Teaching art--using both watercolor and oils--has been one of my greatest pleasures.

Here is a drawing I made to describe to my painting classes how to compose a painting with a center of interest.
This little demo was used in my watercolor class studying how to develop contrasts that add drama, depth, and beauty--and especially how to 'paint' white!
Eleanor Scott Meyers, Winter 2022, in front of her home at Pilgrim Place.Photo by Carol Robb
Eleanor Scott MeyersArtist Statement, October 2017I have been painting for about 17 years now ... and I am continually overwhelmed by the transformation that is taking place in me since I first began to see everything--view the world through the eyes of a painter.Today I paint to learn to see even more ... about this beautiful land, about myself, about life itself. I paint to learn to see anew. I paint to learn to appreciation all that is and more--hoping that what I put down with my brushes may invite others to take a closer look at everything: to see the lines, the shapes, the light contrasts, the colors, the textures, the beauty of the whole.I'm watching and listening to my brushes, in conversation, calling them and myself toward the beauty for there is so much beauty everywhere we turn--if we can learn to really see it.

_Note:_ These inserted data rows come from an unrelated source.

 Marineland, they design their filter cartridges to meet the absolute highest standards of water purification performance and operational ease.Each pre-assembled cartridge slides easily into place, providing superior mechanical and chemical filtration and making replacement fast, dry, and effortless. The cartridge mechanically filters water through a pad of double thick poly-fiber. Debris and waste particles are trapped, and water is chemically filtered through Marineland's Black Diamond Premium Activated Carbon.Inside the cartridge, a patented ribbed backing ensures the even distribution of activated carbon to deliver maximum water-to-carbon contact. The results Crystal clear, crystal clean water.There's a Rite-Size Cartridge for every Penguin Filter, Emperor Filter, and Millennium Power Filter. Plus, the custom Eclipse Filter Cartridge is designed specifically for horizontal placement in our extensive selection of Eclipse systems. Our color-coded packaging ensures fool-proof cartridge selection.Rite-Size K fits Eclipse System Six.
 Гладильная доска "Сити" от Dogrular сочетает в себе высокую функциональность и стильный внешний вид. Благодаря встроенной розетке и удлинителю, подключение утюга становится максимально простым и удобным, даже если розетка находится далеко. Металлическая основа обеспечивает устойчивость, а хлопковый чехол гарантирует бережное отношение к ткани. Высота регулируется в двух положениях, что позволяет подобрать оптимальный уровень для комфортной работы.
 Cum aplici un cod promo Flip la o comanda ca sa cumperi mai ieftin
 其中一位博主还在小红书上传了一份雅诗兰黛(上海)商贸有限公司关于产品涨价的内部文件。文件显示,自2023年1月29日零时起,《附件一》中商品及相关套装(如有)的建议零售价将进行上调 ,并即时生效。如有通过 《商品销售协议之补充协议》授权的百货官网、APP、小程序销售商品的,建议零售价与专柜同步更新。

The UNHEARD POET and Rackham's CAT

Jalapeno cheese bread

cradled like children

and grandchildren in 

the maternity ward

hallway. A natural 

ease born of wonderful 

experience and grace.

My page, your canvas

waiting to be filled

freed from emptiness

awaiting creation

bringing fulfillment

the cat walks along

the fence and out of the

yard

we tell them

where it went.


THE UNHEARD POET

11-28-09

Arther Rackham, 1867-1939

One morning I walked into the Village to buy a loaf of Jalapeno cheese bread I had ordered the day before. Passing the coffee shop I noticed a young man seated at one of the patio tables with a cup of coffee, small typewriter, and a sign: Free Poems

He caught my curiosity as I walked on down the street to the bakery. 

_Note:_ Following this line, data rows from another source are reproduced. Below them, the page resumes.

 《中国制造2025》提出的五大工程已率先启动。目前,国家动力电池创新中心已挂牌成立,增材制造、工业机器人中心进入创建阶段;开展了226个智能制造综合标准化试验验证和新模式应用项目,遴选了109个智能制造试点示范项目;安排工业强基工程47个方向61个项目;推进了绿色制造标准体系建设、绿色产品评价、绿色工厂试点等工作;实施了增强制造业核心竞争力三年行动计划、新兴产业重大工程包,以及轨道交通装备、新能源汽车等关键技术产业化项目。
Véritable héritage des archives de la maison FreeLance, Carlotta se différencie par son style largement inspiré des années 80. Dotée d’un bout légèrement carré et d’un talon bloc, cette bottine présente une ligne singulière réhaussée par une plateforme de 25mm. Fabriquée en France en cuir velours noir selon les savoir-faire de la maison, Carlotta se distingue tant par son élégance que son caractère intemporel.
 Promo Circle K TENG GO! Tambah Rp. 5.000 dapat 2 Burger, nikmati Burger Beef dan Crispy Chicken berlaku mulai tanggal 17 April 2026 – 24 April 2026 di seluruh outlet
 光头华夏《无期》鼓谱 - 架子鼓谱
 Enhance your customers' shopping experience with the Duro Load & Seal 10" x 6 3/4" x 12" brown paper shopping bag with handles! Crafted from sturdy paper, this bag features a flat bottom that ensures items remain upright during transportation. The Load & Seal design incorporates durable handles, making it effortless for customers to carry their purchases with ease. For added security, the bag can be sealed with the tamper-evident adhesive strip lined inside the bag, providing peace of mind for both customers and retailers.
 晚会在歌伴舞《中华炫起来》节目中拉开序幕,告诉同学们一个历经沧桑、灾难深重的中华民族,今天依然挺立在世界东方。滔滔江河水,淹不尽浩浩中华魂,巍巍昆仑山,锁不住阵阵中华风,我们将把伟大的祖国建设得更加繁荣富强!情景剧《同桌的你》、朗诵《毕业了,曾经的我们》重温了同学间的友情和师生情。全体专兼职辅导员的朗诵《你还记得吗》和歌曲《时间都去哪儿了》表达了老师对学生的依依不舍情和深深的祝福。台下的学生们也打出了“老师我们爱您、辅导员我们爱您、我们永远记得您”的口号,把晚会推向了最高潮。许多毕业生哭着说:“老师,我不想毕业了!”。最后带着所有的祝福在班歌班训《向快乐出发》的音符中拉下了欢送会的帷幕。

Returning, with my fresh loaf of bread, he was still here...sitting alone. I started to walk on by, then hesitated, 'Why pass him by?"

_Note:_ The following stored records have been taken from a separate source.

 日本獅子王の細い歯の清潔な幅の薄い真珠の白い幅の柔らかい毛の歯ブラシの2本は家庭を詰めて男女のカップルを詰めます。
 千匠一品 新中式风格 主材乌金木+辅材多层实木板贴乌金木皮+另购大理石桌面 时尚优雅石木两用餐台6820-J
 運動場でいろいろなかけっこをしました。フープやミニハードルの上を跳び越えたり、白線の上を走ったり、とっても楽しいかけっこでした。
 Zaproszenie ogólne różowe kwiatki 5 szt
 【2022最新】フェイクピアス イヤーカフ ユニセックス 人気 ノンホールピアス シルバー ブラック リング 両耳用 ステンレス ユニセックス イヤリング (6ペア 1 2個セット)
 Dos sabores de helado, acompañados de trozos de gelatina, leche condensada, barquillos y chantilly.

I sat down. He smiled, "Would you like for me to write a poem for you?"

Yes, please.

He asked a question or two...I offered I was a grandmother, showed him the bakery's beautiful Jalapeno bread, and mentioned I was a landscape artist. 

He put a sheet of paper into the typewriter, his fingers on the small keyboard...and typed without stopping...then handed the paper to me. 


Smiling, I thanked him, gave him all the money I had--change from my purchase--and walked home, thinking: 'life can be totally amazing!' 


I'd already been gifted with the refrigerator magnet...the cat walking along the fence. Now, his poem, Rackham's image, art telling the world a story about the exploring cat.